- **PROBLEM TO WORK ON**:
The material below is to be copied exactly from the line with "El edificio cuenta" up to and including the line with "Vue arrière de", with nothing else kept and no pictures.

- **MATERIAL SUPPLIED**:

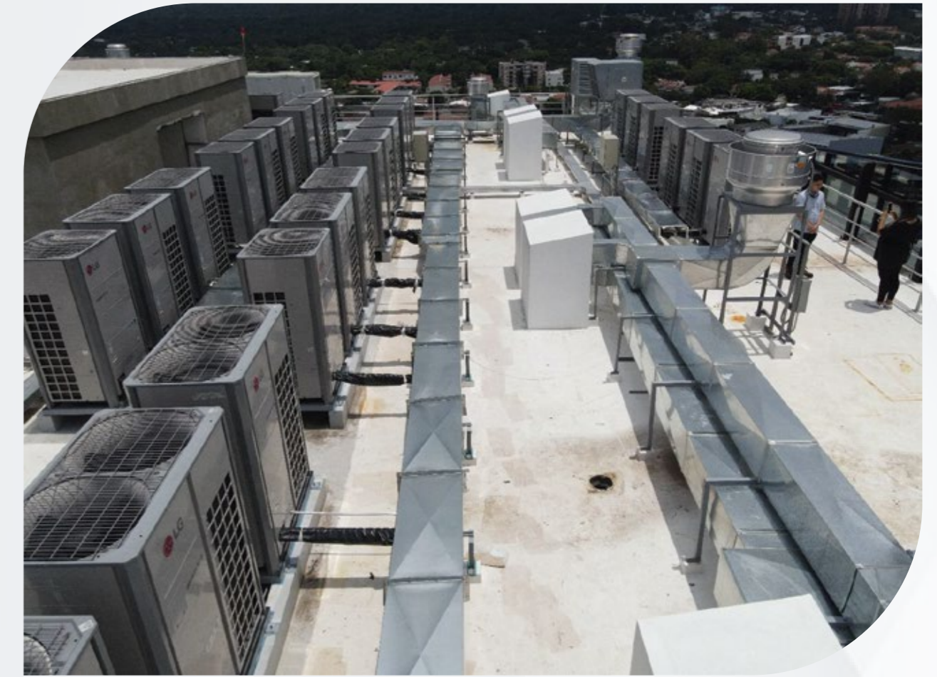
Ilustración 1 Edificio Torre Humana, San Salvador, El Salvador.

El edificio cuenta con una construcción de 35,000 m 2 y está equipado con 196 unidades LG VRF , que incluyen tanto unidades de ducto como de cassette de 4 vías y 1 vía, adaptándose a las necesidades específicas de cada espacio.
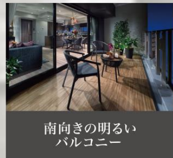
南向きの明るい バルコニー
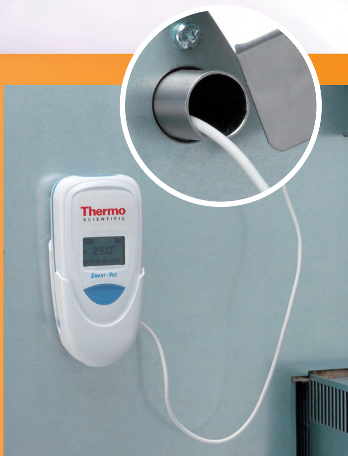
Vue arrière de l'étuve Advanced Protocol 100 L avec Smart-View

Les solutions varient selon les régions RF dans le monde entier et sont compatibles avec de nombreux types et marques d'équipements de laboratoire. Contactez votre représentant local pour de plus amples détails.
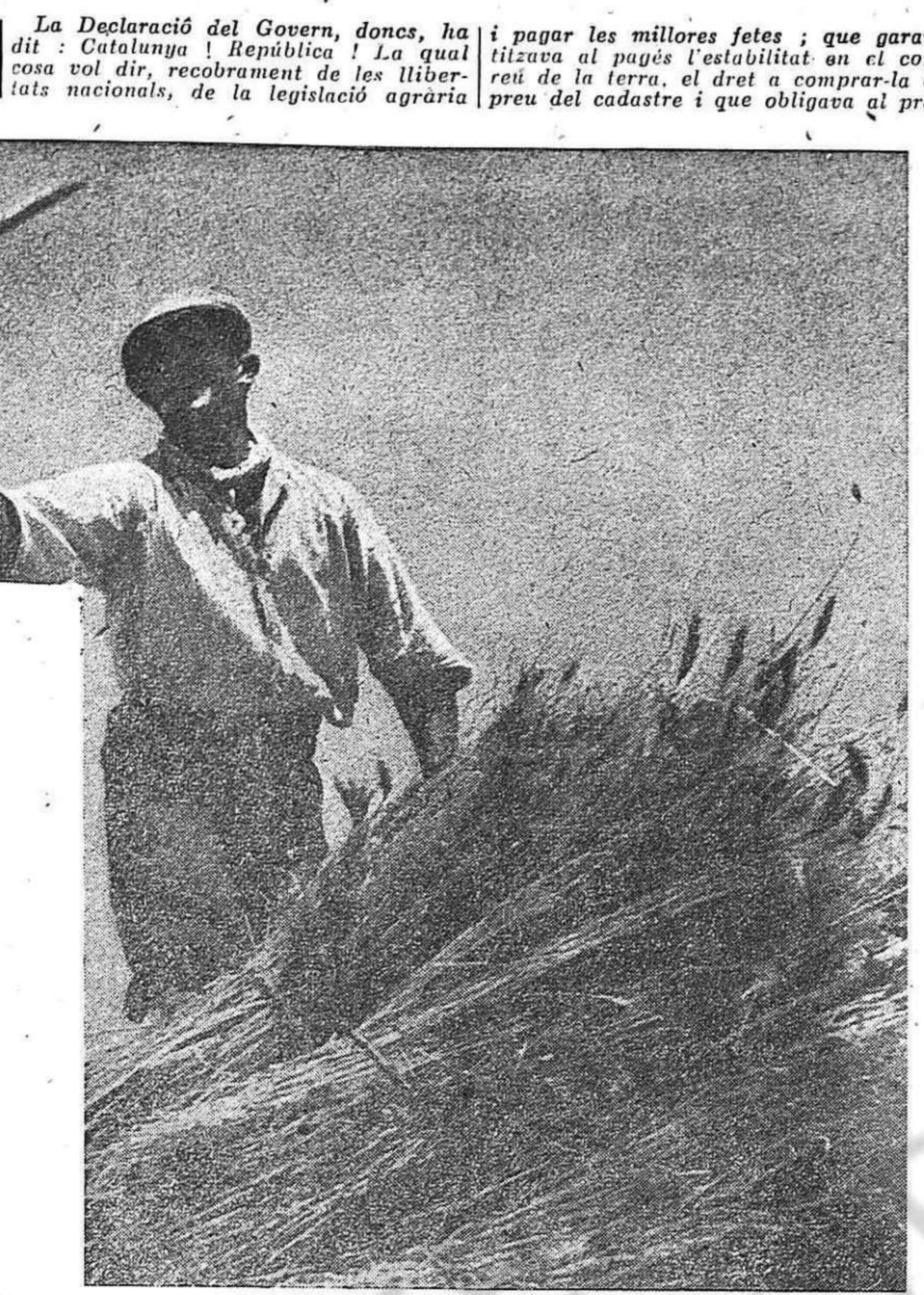
que preveia la confiscació de la terra als feixistes, la justa redistribució del treball pagat; que obligava a incenariar...
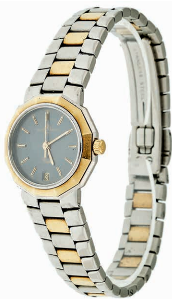
1336 Damen Armbanduhr "Baume & Mercier" Modell Riviera 1989, Ser. Nr. 1468783, Stahl/Gold flaches Gehäuse, schwarzes Zifferblatt, Sekundenanzeiger und Datum analog Quarzwerk, verdeckter Schließe. Mit internationale Garantiekarte, orig. Gebrauchsanweisung und Kaufbeleg von 31.06.1989. Leichte Gebrauchsspuren, Deckel etw. zerkratzt, revisionsbedürftig. 1000,—

- **REPLY TO THE TASK**:
El edificio cuenta con una construcción de 35,000 m 2 y está equipado con 196 unidades LG VRF , que incluyen tanto unidades de ducto como de cassette de 4 vías y 1 vía, adaptándose a las necesidades específicas de cada espacio.
南向きの明るい バルコニー
Vue arrière de l'étuve Advanced Protocol 100 L avec Smart-View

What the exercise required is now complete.